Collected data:
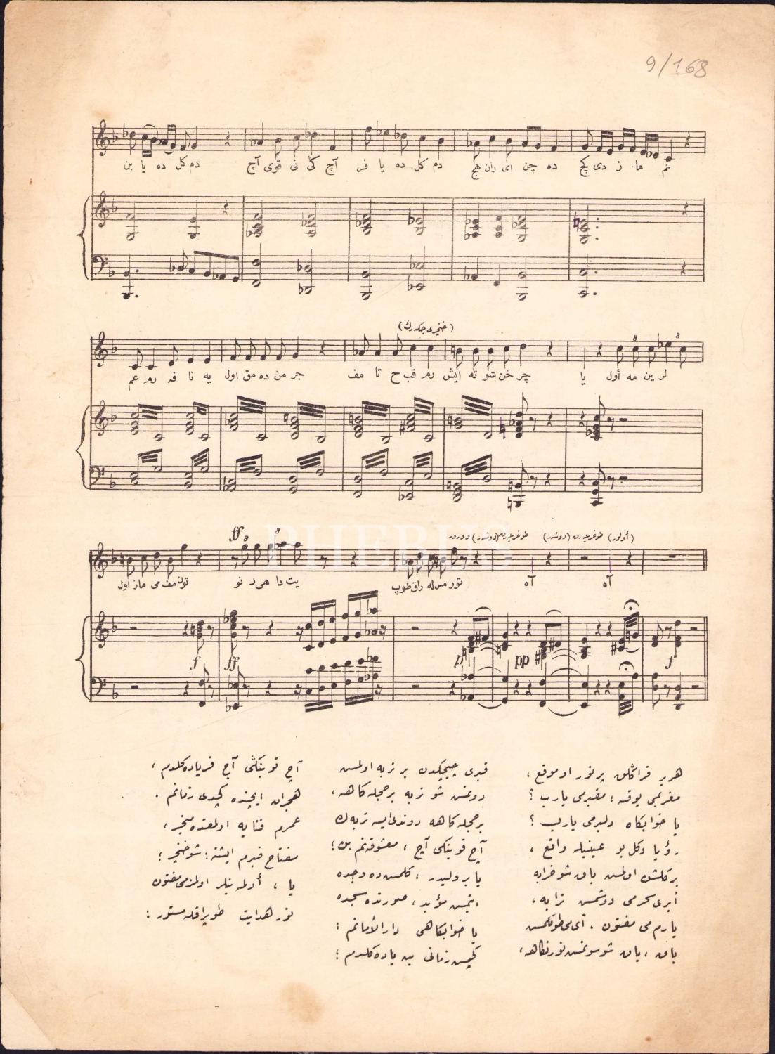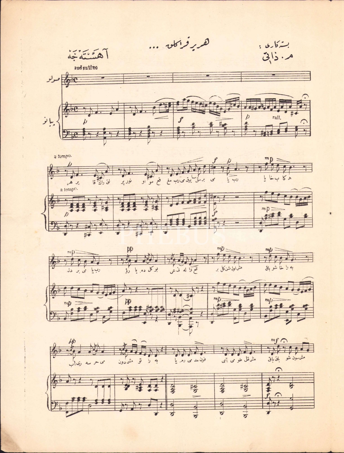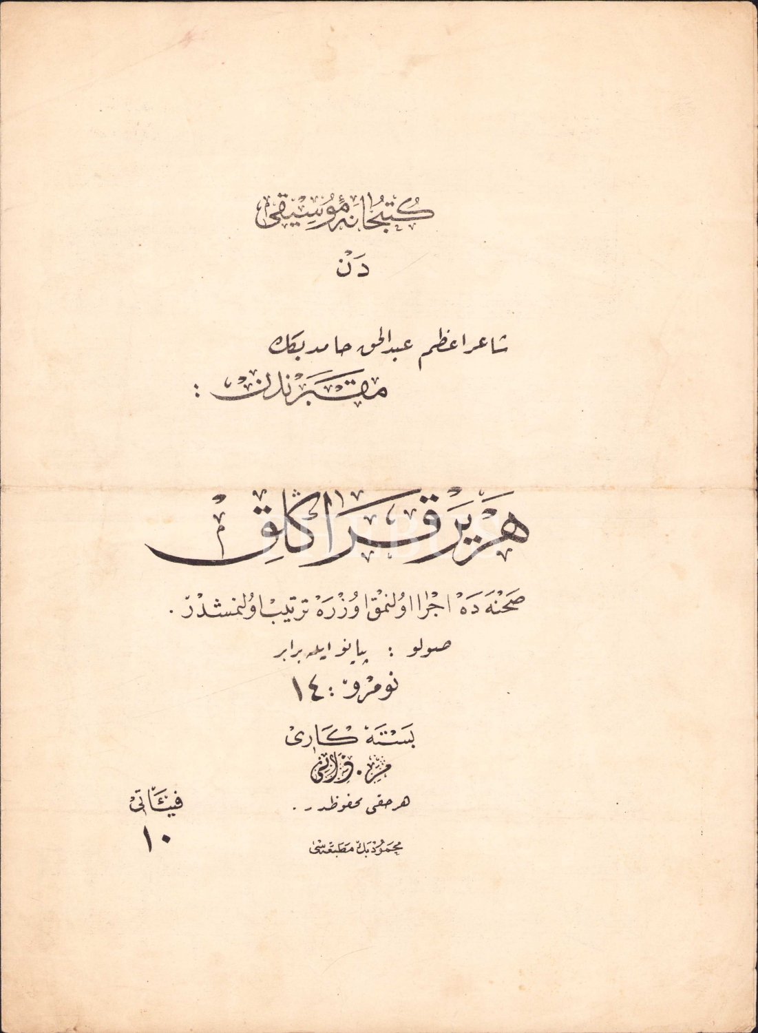 Osmanlıca nota, Kütüphane Musikiyeden Şair-i Azam Abdülhak Hamid Bey'e Makberinden "Her Yer Karanlık", bestekar M. Zati, 4 sayfa, 25x34 cm
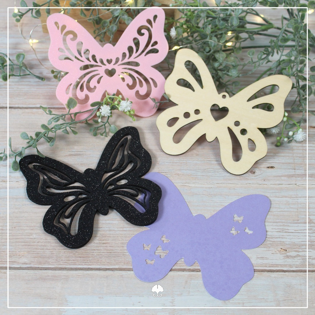 Dich faszinieren Schmetterlinge in all ihren Formen und Varianten? Du liebst es zu beobachten, wenn die flatterhaften Wesen durch die Lüfte schweben oder wie sie von Blume zu Blume gleiten? Dann ist die Mix’n Match „Schmetterlingsliebe“ – Kreativdatei genau das Richtige für dich. Das Set bietet dir viele Möglichkeiten für den Laser, Plotter und 3D-Drucker, um damit kreativ zu werden.
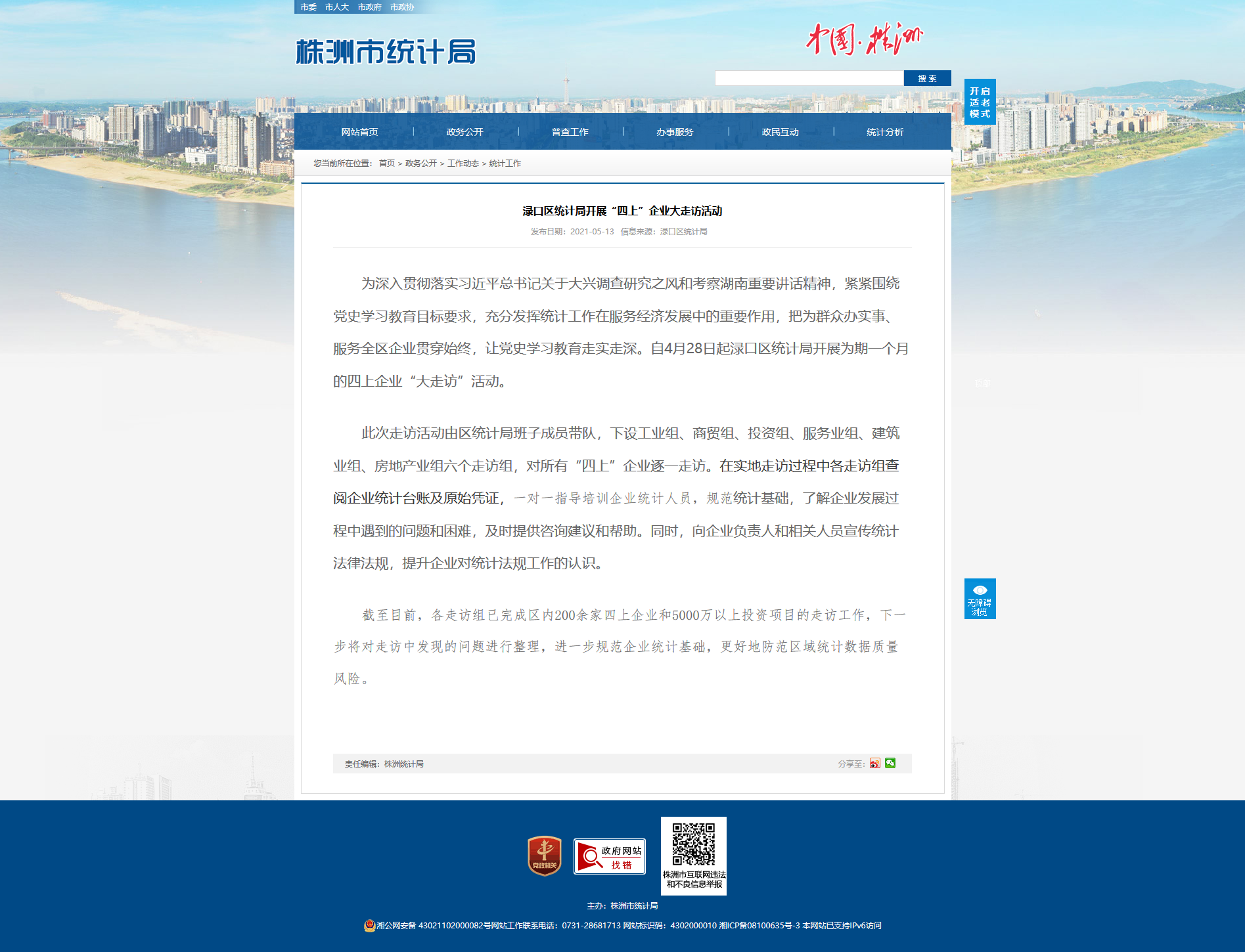 为深入贯彻落实习近平总书记关于大兴调查研究之风和考察湖南重要讲话精神,紧紧围绕党史学习教育目标要求,充分发挥统计工作在服务经济发展中的重要作用,把为群众办实事、服务全区企业贯穿始终,让党史学习教育走实走深。自4月28日起渌口区统计局开展为期一个月的四上企业“大走访”活动。
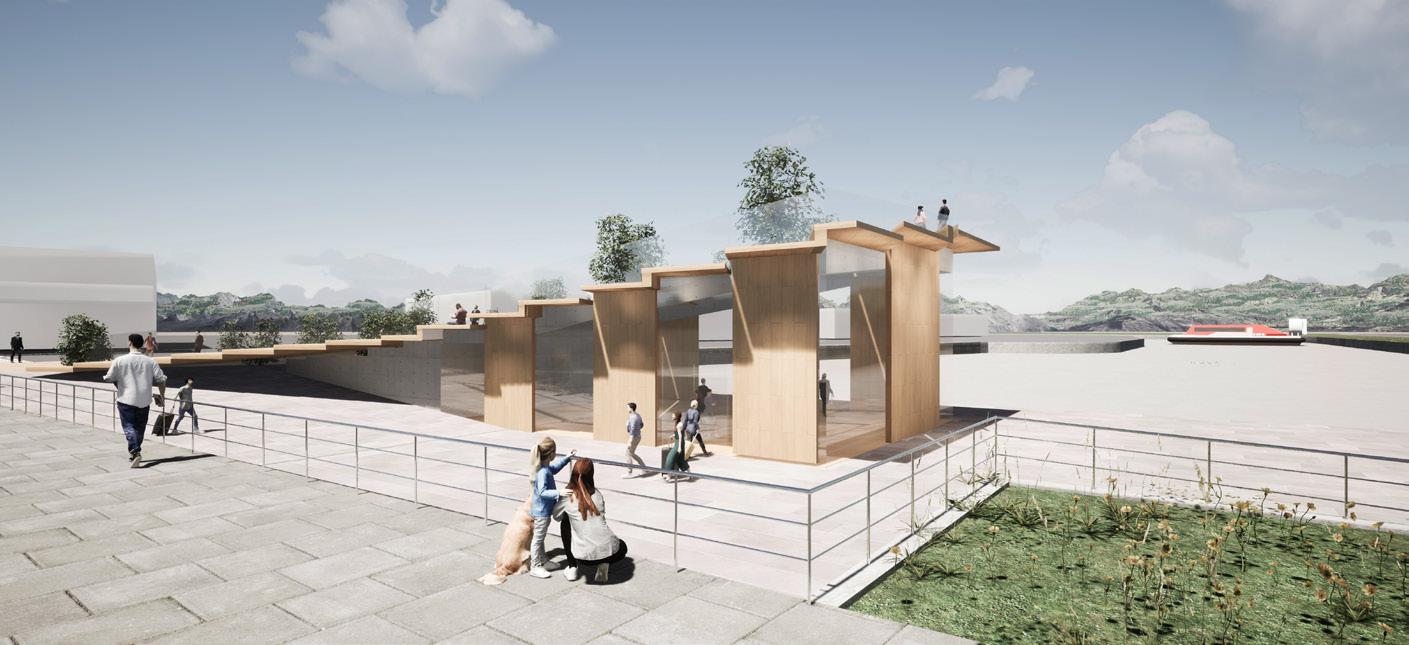 フェリーターミナル かんたん港園 かんたん港 至別府 広場と一体利用できる活動と出会いの場としてのターミナル 津波避難施設として利用者を守るターミナル 環境にやさしい省エネ計画/長寿命化/木質化 ステップルーフで自然光を取り入れた明るい艇庫 ホーバーの魅力を見て学べるピットイン広場 コストを抑え タ ミナル1階はホ バ 広場と 体的に利用できます。屋内外で十分なスペ スを確保し、日常的なくつろぎのスペ スと し、内部のイベント利用も可能な開かれた空間とします。海からの来訪者も陸からの利用者もみんなが利用でき、にぎわいを 感じてもらえる活動と出会いの場となります。ユニバ サルデザインを基本にバリアフリ で内外が繋がる空間とします。
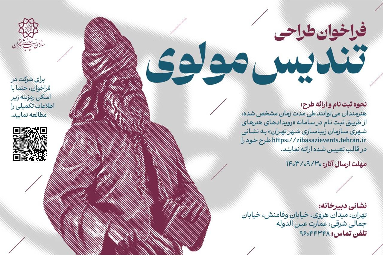 در راستاي بزرگداشت مفاخر ايران، سازمان زيباسازي شهر تهران درنظر دارد نسبت به طراحي و ساخت تنديس «مولوي» اقدام نمايد. لازم به ذکر است در اين فراخوان نقش مولانا در پيوند ملت ها، ارتقاي شعر و ادب پارسي و معنويت مورد تأکيد است.
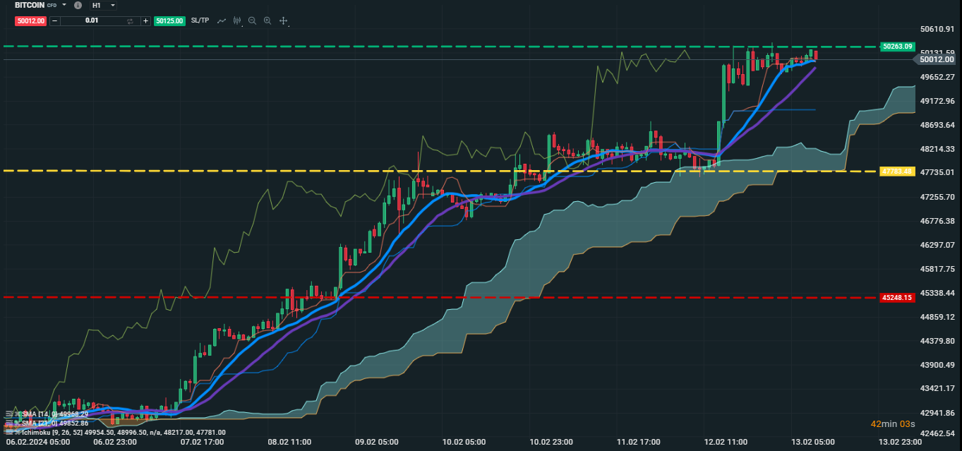 Bitcoin sta testando il livello di $50.000 dopo essere rimbalzato dal limite superiore della nuvola di Ichimoku sul grafico H1. Fonte: xStation5
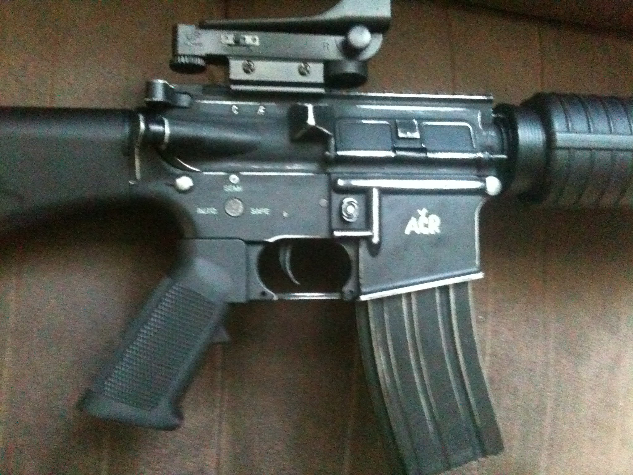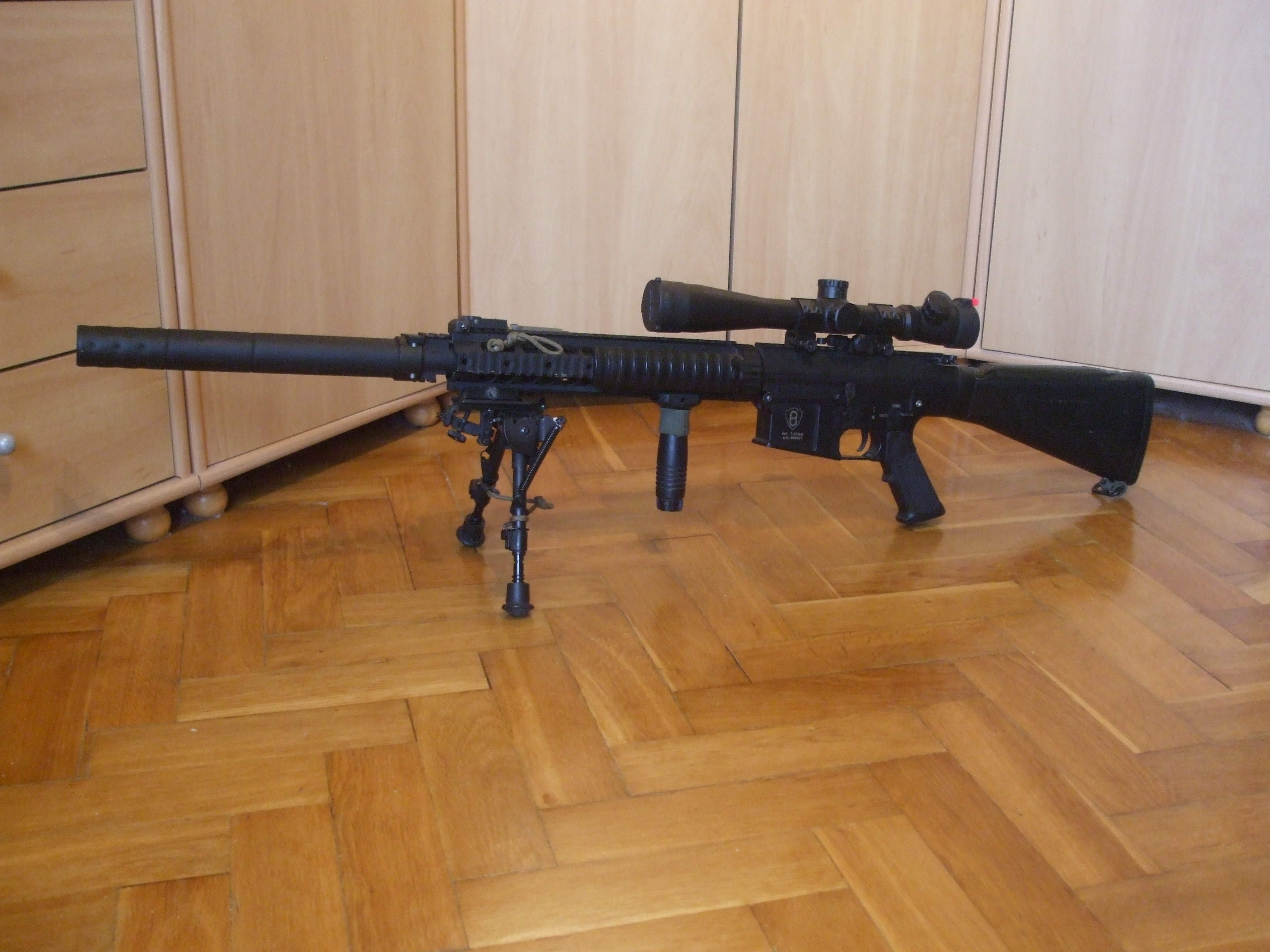 Tady posílám své DMR. Původně to je Armalite M15A4 SPR od CA. Výkon je cca 140 m/s s 0,36g BB. Tlumičem prochází hlaveň PDI 650mm/6,01mm. Mód střelby mám nastavený semi=jeden výstřel, auto=3 ranný burst. Budu měnit předpažbí za rifle Magpull MOE a doufat že tam dám Lipolku  rád bych se totiž zbavil AN/PEQ 2 a taky tam chci jinou montáž na bipod.
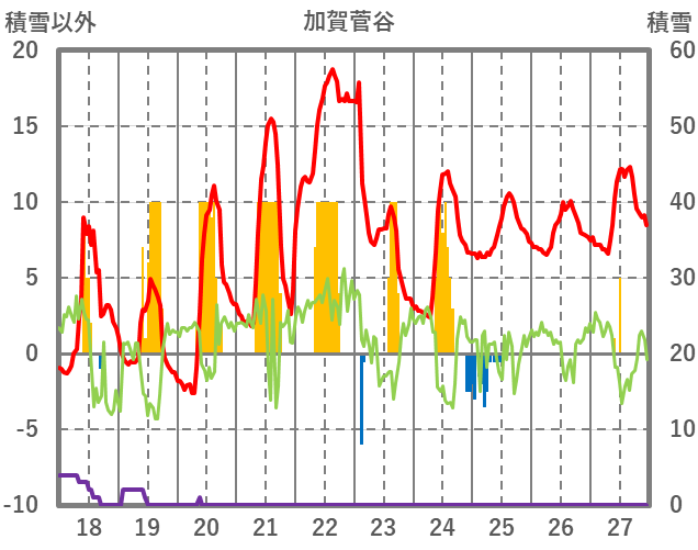 | 日 | 時 | 気温 | 降水 | 風向/風速 | 日照 | 積雪 | 降雪 |
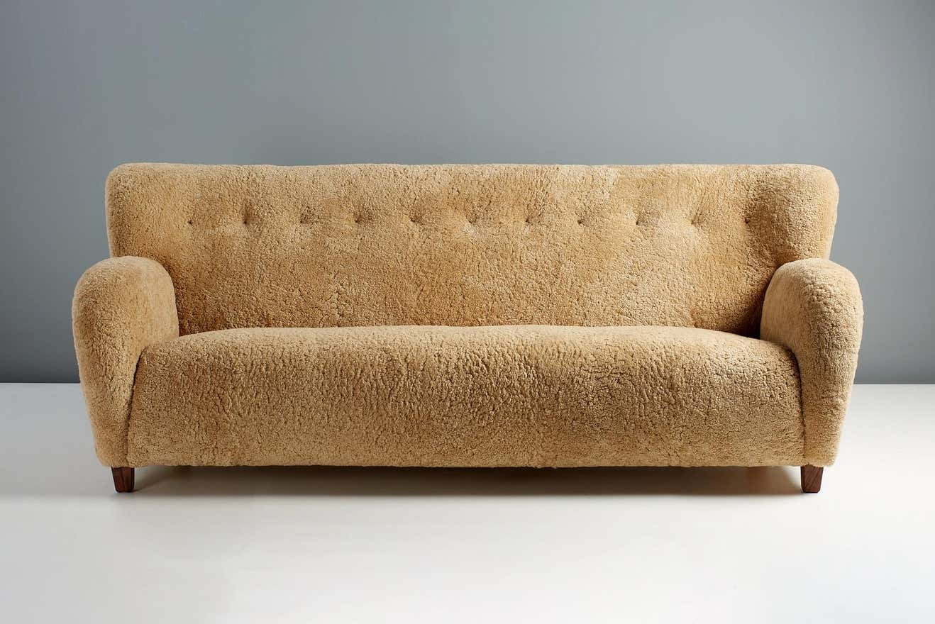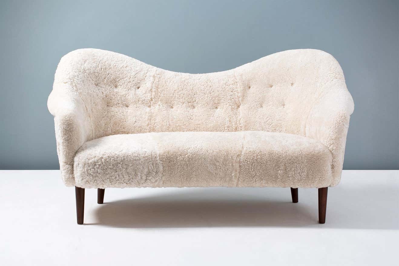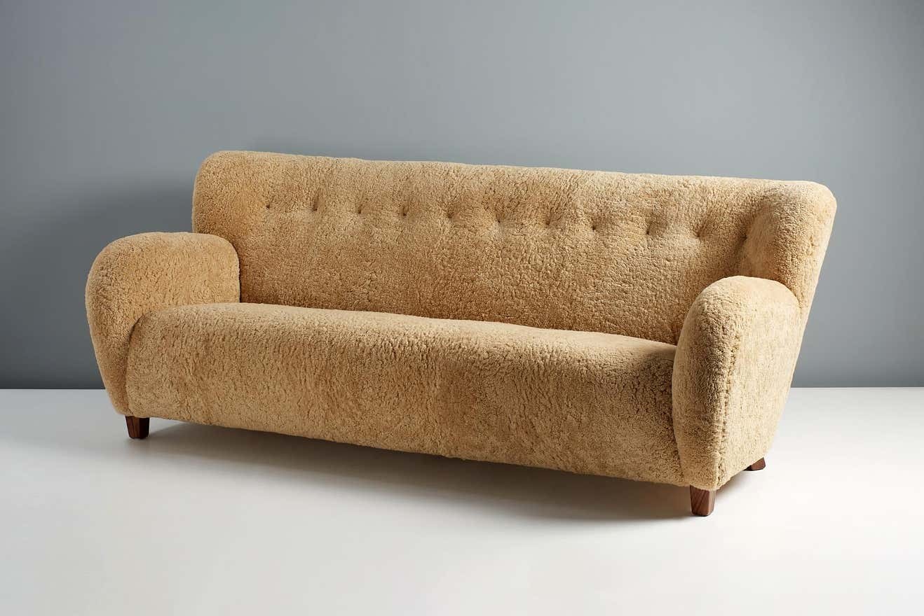 The sofa legs are available in oiled oak, dark fumed oak, oiled walnut (as shown) or dark stained beech. The frame is made entirely of solid English beech and the seat and back are fully sprung to ensure maximum comfort. These sofas are upholstered in luxurious shearling from New Zealand available in your choice 5 different colours. Other upholstery options are also available by request including Mohair velvet and boucle fabric.

**Exercise directions**
Skip every picture. Repeat word for word the lines from the line holding "为深入贯彻落实习近平总书记关" through the end of the entries above.

**Task answer**
 为深入贯彻落实习近平总书记关于大兴调查研究之风和考察湖南重要讲话精神,紧紧围绕党史学习教育目标要求,充分发挥统计工作在服务经济发展中的重要作用,把为群众办实事、服务全区企业贯穿始终,让党史学习教育走实走深。自4月28日起渌口区统计局开展为期一个月的四上企业“大走访”活动。
 フェリーターミナル かんたん港園 かんたん港 至別府 広場と一体利用できる活動と出会いの場としてのターミナル 津波避難施設として利用者を守るターミナル 環境にやさしい省エネ計画/長寿命化/木質化 ステップルーフで自然光を取り入れた明るい艇庫 ホーバーの魅力を見て学べるピットイン広場 コストを抑え タ ミナル1階はホ バ 広場と 体的に利用できます。屋内外で十分なスペ スを確保し、日常的なくつろぎのスペ スと し、内部のイベント利用も可能な開かれた空間とします。海からの来訪者も陸からの利用者もみんなが利用でき、にぎわいを 感じてもらえる活動と出会いの場となります。ユニバ サルデザインを基本にバリアフリ で内外が繋がる空間とします。
 در راستاي بزرگداشت مفاخر ايران، سازمان زيباسازي شهر تهران درنظر دارد نسبت به طراحي و ساخت تنديس «مولوي» اقدام نمايد. لازم به ذکر است در اين فراخوان نقش مولانا در پيوند ملت ها، ارتقاي شعر و ادب پارسي و معنويت مورد تأکيد است.
 Bitcoin sta testando il livello di $50.000 dopo essere rimbalzato dal limite superiore della nuvola di Ichimoku sul grafico H1. Fonte: xStation5
 Tady posílám své DMR. Původně to je Armalite M15A4 SPR od CA. Výkon je cca 140 m/s s 0,36g BB. Tlumičem prochází hlaveň PDI 650mm/6,01mm. Mód střelby mám nastavený semi=jeden výstřel, auto=3 ranný burst. Budu měnit předpažbí za rifle Magpull MOE a doufat že tam dám Lipolku  rád bych se totiž zbavil AN/PEQ 2 a taky tam chci jinou montáž na bipod.
 | 日 | 時 | 気温 | 降水 | 風向/風速 | 日照 | 積雪 | 降雪 |
 The sofa legs are available in oiled oak, dark fumed oak, oiled walnut (as shown) or dark stained beech. The frame is made entirely of solid English beech and the seat and back are fully sprung to ensure maximum comfort. These sofas are upholstered in luxurious shearling from New Zealand available in your choice 5 different colours. Other upholstery options are also available by request including Mohair velvet and boucle fabric.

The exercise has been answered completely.